• _Work task_
Type the data below again exactly. Omit all pictures.

• _Stored data_
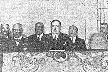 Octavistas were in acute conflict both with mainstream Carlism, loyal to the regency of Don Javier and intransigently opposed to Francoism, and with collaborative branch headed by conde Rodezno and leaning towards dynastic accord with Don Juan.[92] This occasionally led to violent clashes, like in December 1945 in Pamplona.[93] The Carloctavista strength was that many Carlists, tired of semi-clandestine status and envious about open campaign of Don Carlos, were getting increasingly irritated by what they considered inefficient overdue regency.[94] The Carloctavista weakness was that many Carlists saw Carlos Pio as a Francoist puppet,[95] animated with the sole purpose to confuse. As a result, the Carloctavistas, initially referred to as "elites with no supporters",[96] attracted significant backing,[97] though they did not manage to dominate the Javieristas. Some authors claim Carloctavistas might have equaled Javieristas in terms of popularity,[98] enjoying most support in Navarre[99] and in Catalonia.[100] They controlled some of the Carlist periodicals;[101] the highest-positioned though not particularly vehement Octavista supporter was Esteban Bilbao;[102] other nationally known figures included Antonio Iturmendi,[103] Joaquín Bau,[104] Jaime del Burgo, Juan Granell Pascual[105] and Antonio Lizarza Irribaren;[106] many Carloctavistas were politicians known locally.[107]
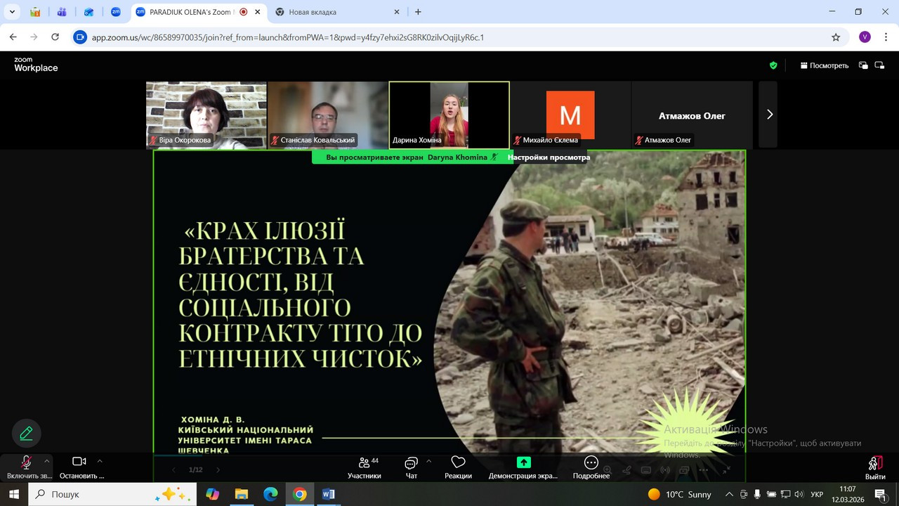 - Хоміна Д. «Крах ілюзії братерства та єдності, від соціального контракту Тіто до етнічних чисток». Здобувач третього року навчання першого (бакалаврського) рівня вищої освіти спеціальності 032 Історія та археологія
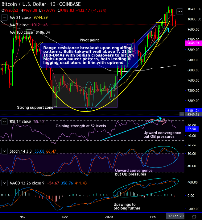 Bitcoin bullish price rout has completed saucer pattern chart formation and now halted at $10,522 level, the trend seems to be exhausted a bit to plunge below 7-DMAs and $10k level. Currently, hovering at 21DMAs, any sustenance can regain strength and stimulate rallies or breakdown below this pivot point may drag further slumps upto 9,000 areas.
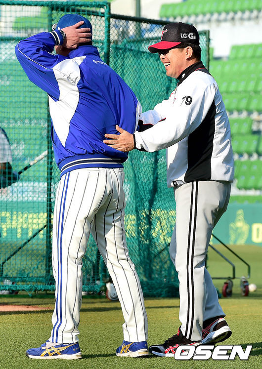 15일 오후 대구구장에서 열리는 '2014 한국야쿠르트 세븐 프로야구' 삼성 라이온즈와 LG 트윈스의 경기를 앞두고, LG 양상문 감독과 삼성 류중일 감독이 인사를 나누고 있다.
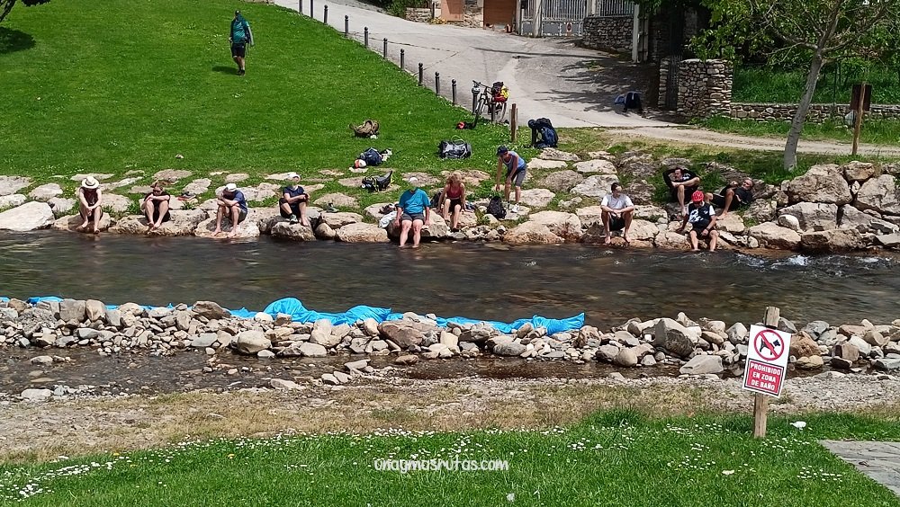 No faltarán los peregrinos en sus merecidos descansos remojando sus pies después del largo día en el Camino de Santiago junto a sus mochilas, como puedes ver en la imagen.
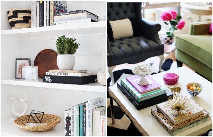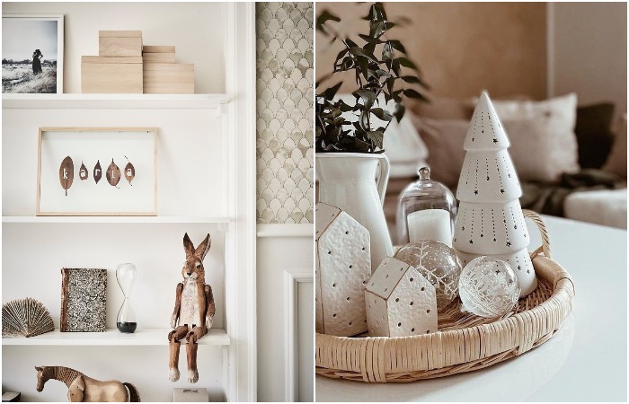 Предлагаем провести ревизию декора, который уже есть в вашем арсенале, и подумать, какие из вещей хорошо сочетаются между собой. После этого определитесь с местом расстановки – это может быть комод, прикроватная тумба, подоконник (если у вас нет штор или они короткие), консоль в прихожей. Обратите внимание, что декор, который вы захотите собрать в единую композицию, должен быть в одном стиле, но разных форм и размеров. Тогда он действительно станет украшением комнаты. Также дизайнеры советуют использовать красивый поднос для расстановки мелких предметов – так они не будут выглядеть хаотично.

• _Your response_
 Octavistas were in acute conflict both with mainstream Carlism, loyal to the regency of Don Javier and intransigently opposed to Francoism, and with collaborative branch headed by conde Rodezno and leaning towards dynastic accord with Don Juan.[92] This occasionally led to violent clashes, like in December 1945 in Pamplona.[93] The Carloctavista strength was that many Carlists, tired of semi-clandestine status and envious about open campaign of Don Carlos, were getting increasingly irritated by what they considered inefficient overdue regency.[94] The Carloctavista weakness was that many Carlists saw Carlos Pio as a Francoist puppet,[95] animated with the sole purpose to confuse. As a result, the Carloctavistas, initially referred to as "elites with no supporters",[96] attracted significant backing,[97] though they did not manage to dominate the Javieristas. Some authors claim Carloctavistas might have equaled Javieristas in terms of popularity,[98] enjoying most support in Navarre[99] and in Catalonia.[100] They controlled some of the Carlist periodicals;[101] the highest-positioned though not particularly vehement Octavista supporter was Esteban Bilbao;[102] other nationally known figures included Antonio Iturmendi,[103] Joaquín Bau,[104] Jaime del Burgo, Juan Granell Pascual[105] and Antonio Lizarza Irribaren;[106] many Carloctavistas were politicians known locally.[107]
 - Хоміна Д. «Крах ілюзії братерства та єдності, від соціального контракту Тіто до етнічних чисток». Здобувач третього року навчання першого (бакалаврського) рівня вищої освіти спеціальності 032 Історія та археологія
 Bitcoin bullish price rout has completed saucer pattern chart formation and now halted at $10,522 level, the trend seems to be exhausted a bit to plunge below 7-DMAs and $10k level. Currently, hovering at 21DMAs, any sustenance can regain strength and stimulate rallies or breakdown below this pivot point may drag further slumps upto 9,000 areas.
 15일 오후 대구구장에서 열리는 '2014 한국야쿠르트 세븐 프로야구' 삼성 라이온즈와 LG 트윈스의 경기를 앞두고, LG 양상문 감독과 삼성 류중일 감독이 인사를 나누고 있다.
 No faltarán los peregrinos en sus merecidos descansos remojando sus pies después del largo día en el Camino de Santiago junto a sus mochilas, como puedes ver en la imagen.
 Предлагаем провести ревизию декора, который уже есть в вашем арсенале, и подумать, какие из вещей хорошо сочетаются между собой. После этого определитесь с местом расстановки – это может быть комод, прикроватная тумба, подоконник (если у вас нет штор или они короткие), консоль в прихожей. Обратите внимание, что декор, который вы захотите собрать в единую композицию, должен быть в одном стиле, но разных форм и размеров. Тогда он действительно станет украшением комнаты. Также дизайнеры советуют использовать красивый поднос для расстановки мелких предметов – так они не будут выглядеть хаотично.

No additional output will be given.